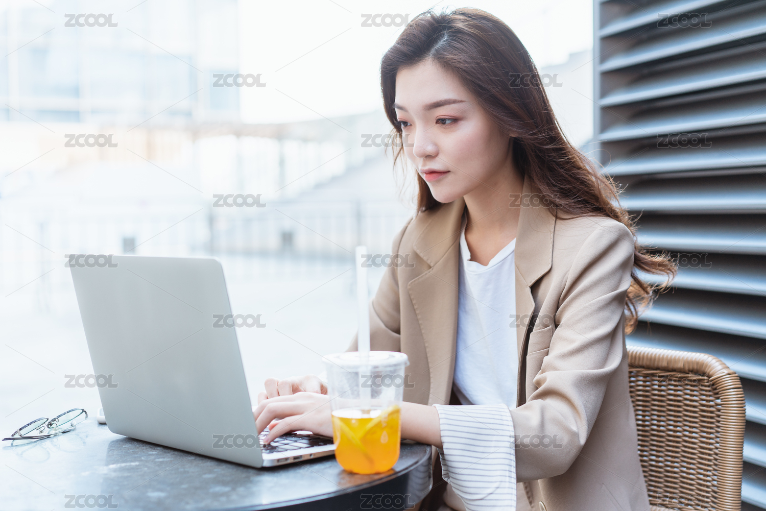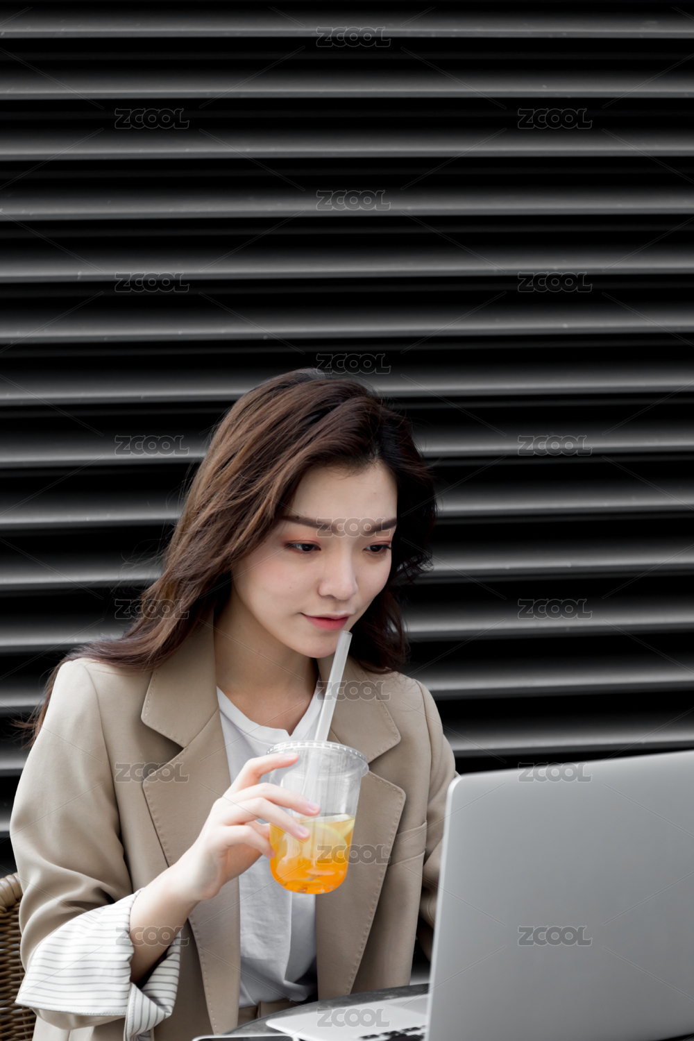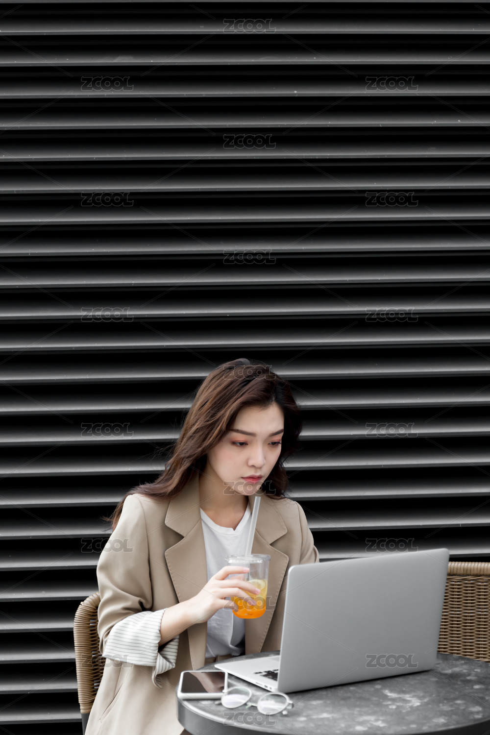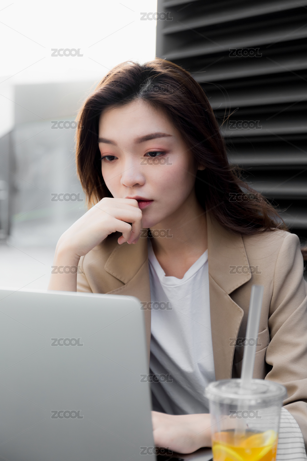 年轻亚洲商务人士在户外小圆桌上看电脑
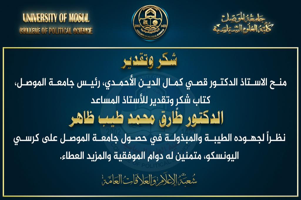 منح الأستاذ الدكتور قصي كمال الدين الاحمدي رئيس جامعة الموصل، كتاب شكرٍ وتقدير للأستاذ المساعد الدكتور طارق محمد طيب ظاهر عميد كلية العلوم السياسية، نظراً لجهوده الطيبة والمبذولة في حصول جامعة الموصل على كرسي اليونسكو.
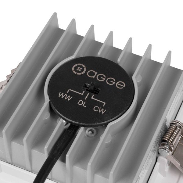 AGGE Square Flood Antiglare White er et firkantet indbygningsspot med blændfrit design, fokuseret lysbillede og høj farvegengivelse. Armaturet har et robust aluminiumskabinet af høj kvalitet og er beregnet til både tørre rum og vådrum. Selve lyskilden er placeret dybt i kabinettet, hvilket minimerer lysspredning til siderne og skaber et blødere og mere fokuseret lysbillede end normalt. Ved installationen kan du nemt vælge mellem tre farvetemperaturer: varm hvid (3000 K), neutral hvid (4000 K) eller kold hvid (5000 K). Derudover er armaturet dæmpbart med Triac-lysdæmper. Takket være den justerbare farvetemperatur og lysdæmperfunktion kan du skabe en unik atmosfære i hvert rum, samtidig med at du bevarer et ensartet udtryk i hele hjemmets belysning.
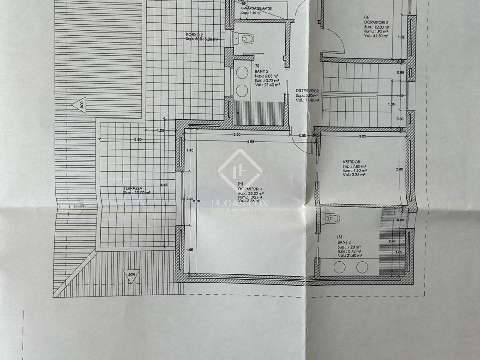 O andar superior abriga os quartos. O destaque é a suíte principal de quase 40 m², que oferece um verdadeiro refúgio privativo com banheiro completo e closet. Neste mesmo andar, encontram-se dois quartos de casal adicionais e um banheiro completo, proporcionando amplo espaço e conforto para toda a família. O terraço neste andar oferece vistas agradáveis para o mar e para o Castelo de Tamarit.
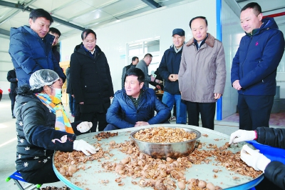 郭大为在杨山村核桃加工厂与务工人员亲切交谈。记者 鲜康 摄
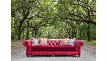 Rowe - Green Velvet Sofa With Plush Cushions Under Framed Artwork Near Patterned Lamp And Console Table
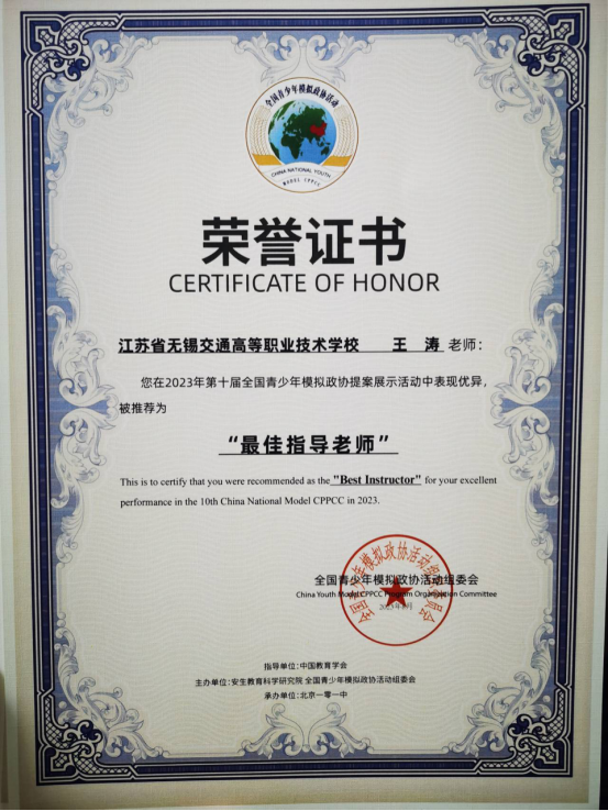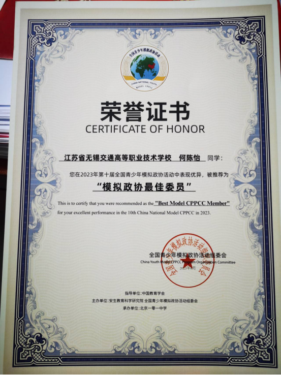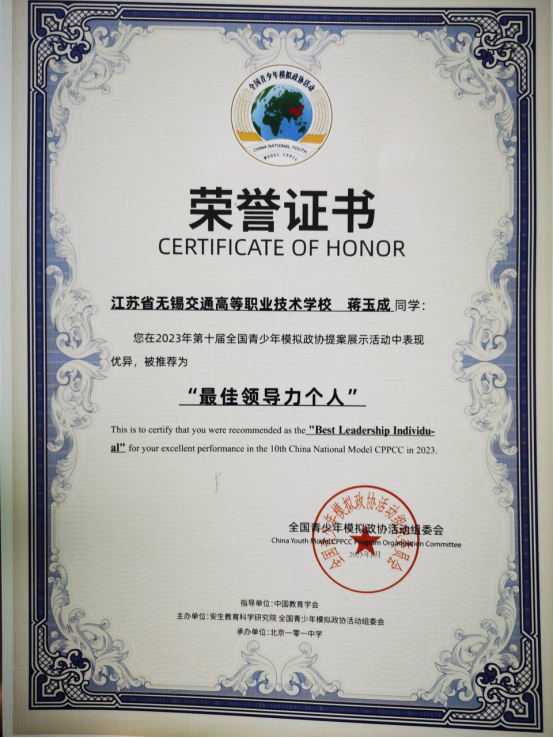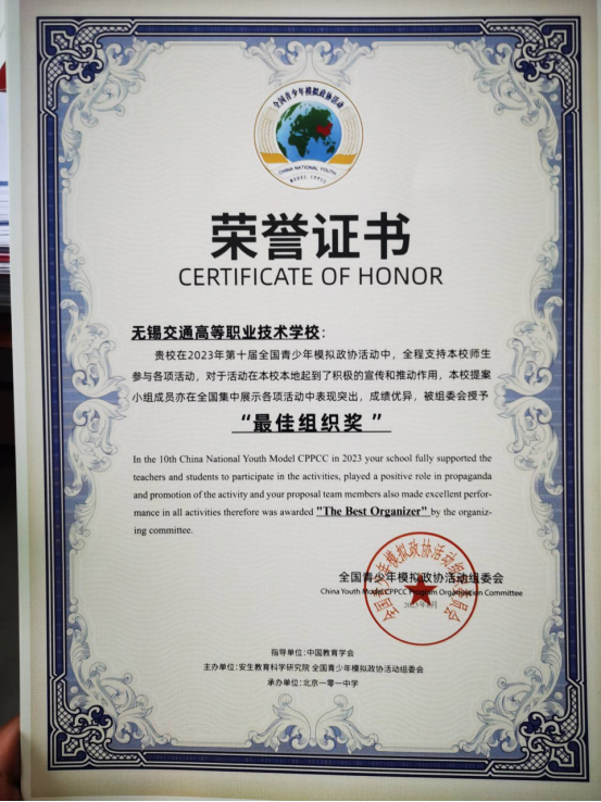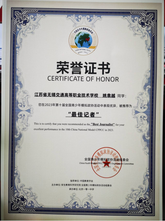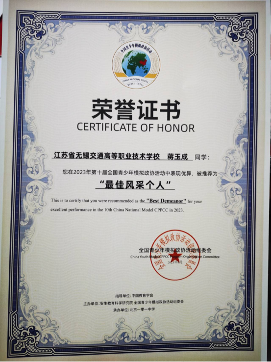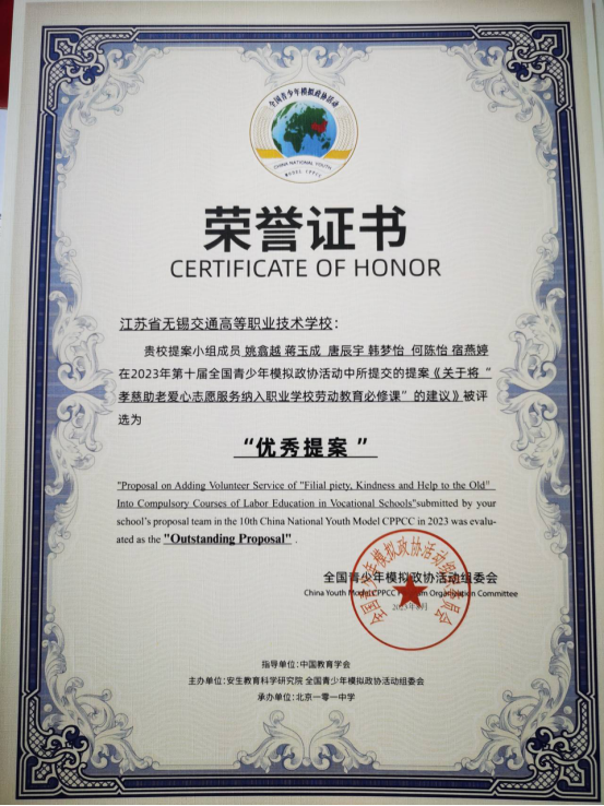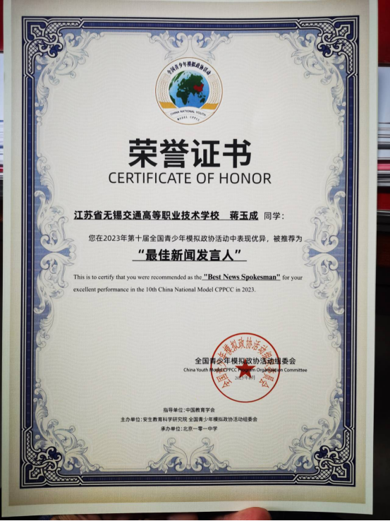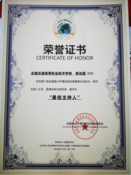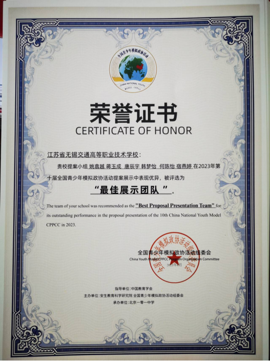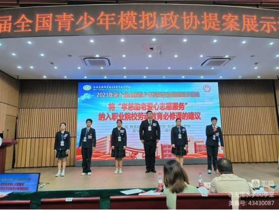 由蒋玉成、姚翕越、唐辰宇、韩梦怡、何陈怡、宿燕婷等青年学生组成的“模拟政协委员”小组,展示“将孝慈助老爱心志愿服务纳入职业学校劳动教育的必修课”的提案,通过对政协委员履职方式和政协会议组织形式的模拟,近距离体验人民政协制度。小组成员制作了视频和PPT,从医疗、教育、科协、记者、妇联、经济不同领域围绕提案进行阐述。学生们积极回答评委提问,将视野从“学校小课堂”转向“社会大课堂”,他们对所选话题的调研深度、覆盖广度以及建议的精细度,得到了现场嘉宾、评委和老师的好评。学校荣获最佳展示团队优秀提案奖和最佳组织奖三个奖项,蒋玉成荣获最佳领导力最佳新闻发言人最佳风采奖三个大奖,宿燕婷姚翕越何陈怡同学荣获模拟政协最佳委员姚翕越还荣获最佳记者奖,蒋治国两位老师荣获最佳指导老师蒋治国老师还荣获最佳主持人,个人合计获奖10人次

- Exercise instructions
Please take the lines from the beginning of the data above through the line holding "منح الأستاذ الدكتور" and transcribe them exactly, without any pictures.

- Answer area
 年轻亚洲商务人士在户外小圆桌上看电脑
 منح الأستاذ الدكتور قصي كمال الدين الاحمدي رئيس جامعة الموصل، كتاب شكرٍ وتقدير للأستاذ المساعد الدكتور طارق محمد طيب ظاهر عميد كلية العلوم السياسية، نظراً لجهوده الطيبة والمبذولة في حصول جامعة الموصل على كرسي اليونسكو.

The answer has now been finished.